У бетона шершавый вкус, от него зудит кожа, но иначе до лестницы не дотянуться. Пальцы проходят сквозь серое крошево, дальше ход, пыльный и ржавый. Ступени необыкновенно гулки, сквозь стены виднеются звезды, иней стынет на грязном железе. Шорох, цокот когтей, хвост скребет по полу… крыса. Никого.
Следующая дверь, за шкафом в спальне — любимая. Кажется, раньше здесь жили дети и кто-то сумел открыть проход в детский мир. С лужайками и ромашками, безоблачным небом и радостным синим морем, с конфетами на кустах и мячиками на грядках. Будто бы он огромный, но до задней стенки всегда можно достать рукой. И ни разу отсюда не приходили дурные и гадкие чудики — только забавные существа, похожие на плюшевые игрушки. Но сегодня там было пусто.
Из-под ванной тянуло затхлым холодом. Ладони стало покалывать. Я взглянула. Там текло, чавкало и воняло. Далеко, в слизистых, гнилых междутрубьях колыхалась отвратительная медуза с длинными цепкими щупальцами. Одно потянулось к двери, но я отскочила вовремя. К черту! Забить проход намертво и не морочиться, кто оттуда полезет.

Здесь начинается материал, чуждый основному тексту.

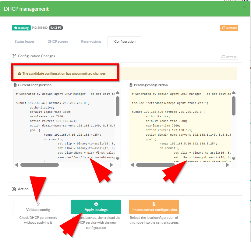 Once completed, the configuration engine will indicate that some parameters have been modified and must be applied.
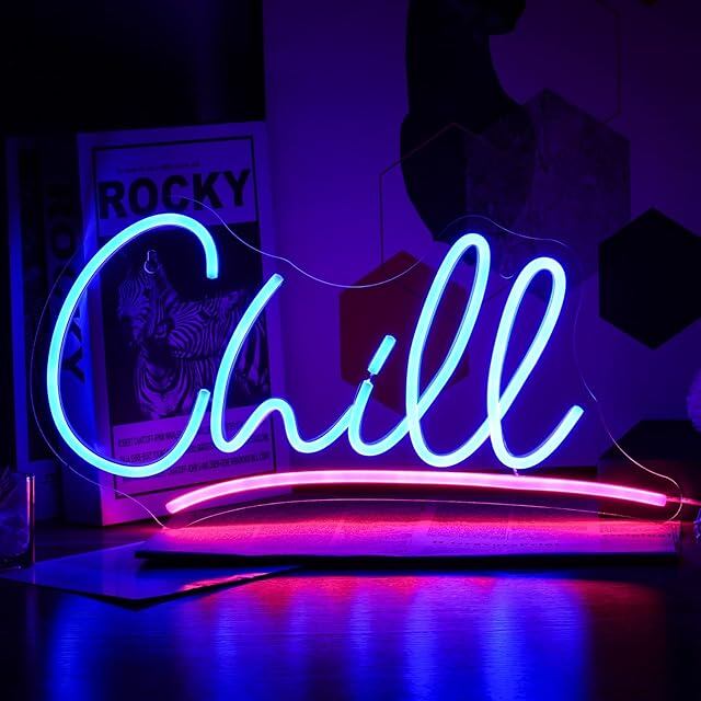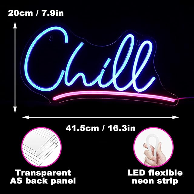 Chillネオン ライト: 青&ピンクのネオン サインは、柔軟なシリコン LED ストリップ ライトと厚みのあるアクリル バック プレートでできています。従来のネオンレターサインに比べ、明るく、安全、耐久性、省電力、無騒音、無発熱、様々なシーンで使いやすいです。
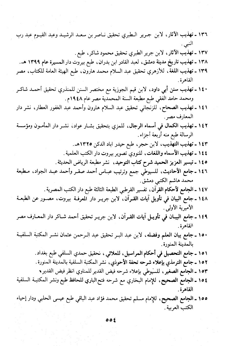 140 - تهذيب سنن أبي داود، لابن قيم الجوزية مع مختصر السنن للمنذري تحقيق أحمد شاكر ومحمد حامد الفقي طبع مطبعة السنة المحمدية مصر عام 1948 م.
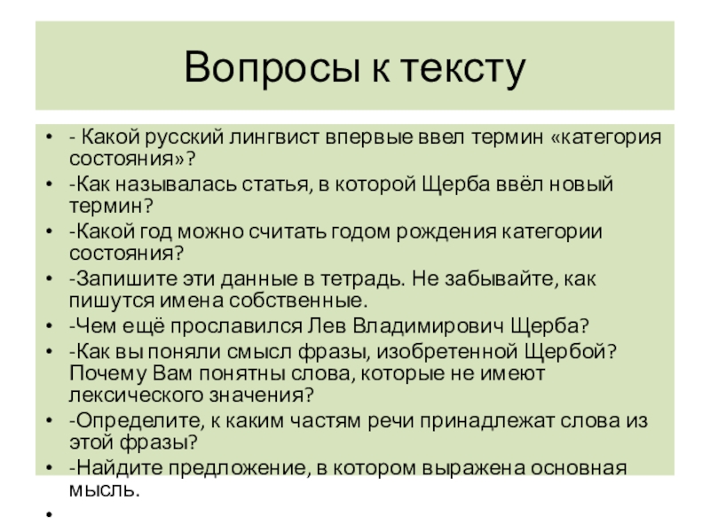 Вопросы к тексту- Какой русский лингвист впервые ввел термин «категория состояния»?-Как называлась статья, в которой Щерба ввёл
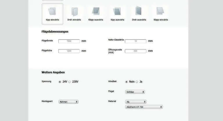 Den Antriebsrechner habe Esco so entwickelt, dass er immer den kleinstmöglichen Antrieb für das zuvor definierte Fenster ausweist. Auswahlkriterien sind die Öffnungsart, die Flügelabmessung, die Glasdicke und die Öffnungsweite sowie die Spannung, außerdem die gewünschte Montageart und das Profilmaterial, aus dem das Fenster gebaut werden soll. Als Ergebnis erhält der Kunde eine detaillierte Darstellung mit den technischen Daten zu den passenden Antrieben, die er sich auch als pdf-Datei ausdruckt.

Крысотварьки на кухне разбежались при моем появлении. Я постояла в центре, послушала, потом обошла помещение со свечой… И здесь никого. Охотничий азарт уступил место досаде. Похоже, сегодня мне не везет. Я сполоснула руки и прошлась по дому еще раз. Внимательно, чутко, кончиками пальцев брать ощущения на расстоянии, прикасаться, не допуская к коже. Всегда поражалась, как звук становится вкусом, шершавость — влагой, сопротивление материала — цветным пятном. А когда получается снять все разом — вникаешь и можно работать. Но, похоже, сегодня мне ловить нечего…
— Мартын, в чем дело?
Кот крутился возле кладовки, скреб лапой дверцу и заунывно мяукал. Не в привычках зверюги было мешать мне охотиться. Крыса что ли забралась с лестницы? Я проверила наспех руками, заглянула со свечой внутрь — все в порядке. Мартын не унимался. Я предложила ему еды, потом прикрикнула. Не помогло. Захотелось включить верхний свет. В коридоре почуяла странность. Прислушалась. Плач. Скулеж то ли младенца, то ли детеныша. Значит, будем в темноте разбирать кладовку.

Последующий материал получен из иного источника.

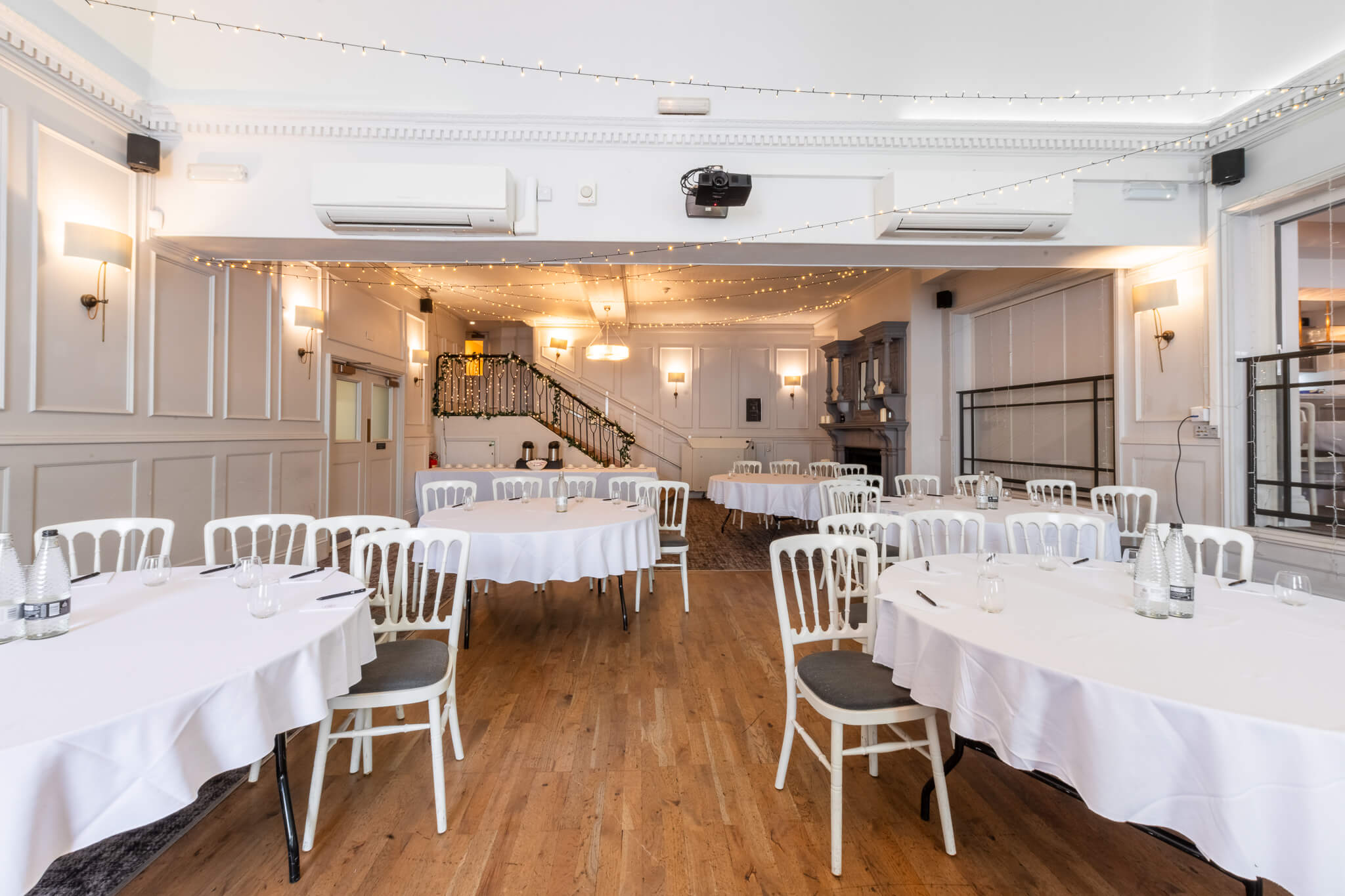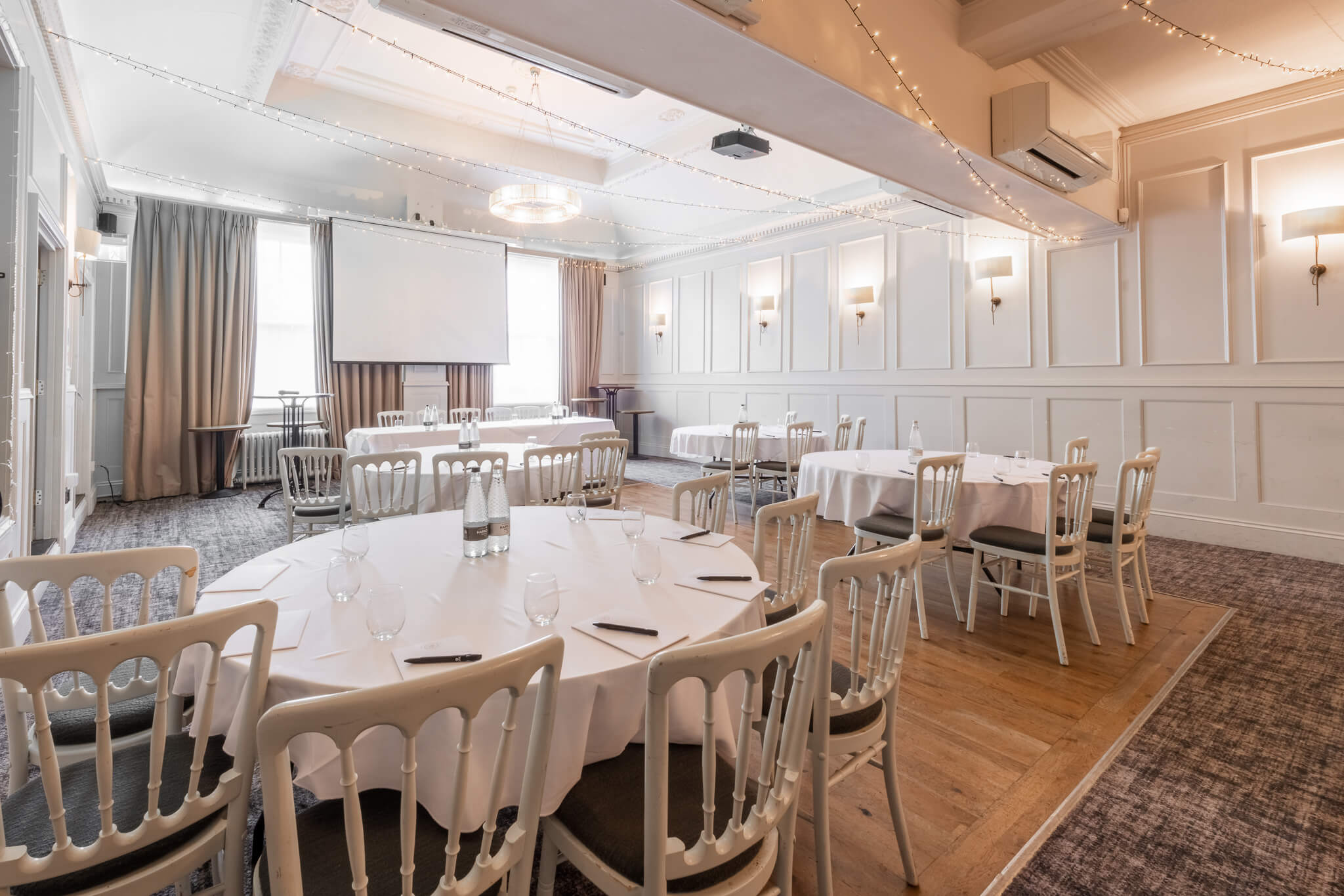 A grand, flexible space with high ceilings and panelled walls, adjoining room and bar the Victoria allows flexibility for meetings and conferences as well as events and social gatherings

Вся прихожая оказалась завалена разнообразным барахлом и старьем, когда я наконец докопалась до источника беспокойства. Точнее нащупала что-то горячее и за шкирку потащила наружу без особенных церемоний. Секунда — и в руках оказалось голокожая, когтистая тварь, сморщенная, дрожащая и рыдающая. Она цеплялась за все подряд тонкими лапами и хвостом, плача, совсем, как человек. Я включила свет и оторопела. Ну и уродец! Сероватая кожа в бугорках, бородавках и складочках. Мутные крохотные глаза без ресниц. Два ряда мелких желтых зубок в пасти. Почти паучьи гибкие ножки. И большой вздутый живот. Много чудиков прошло через мой дом, но такого видеть не доводилось. Звереныш жался ко мне, гадостный и несчастный. Невольно захотелось утешить его, пожалеть, погладить… что я и сделала. И улыбка сама собой вылезла на лице, когда чудик перестал всхлипывать.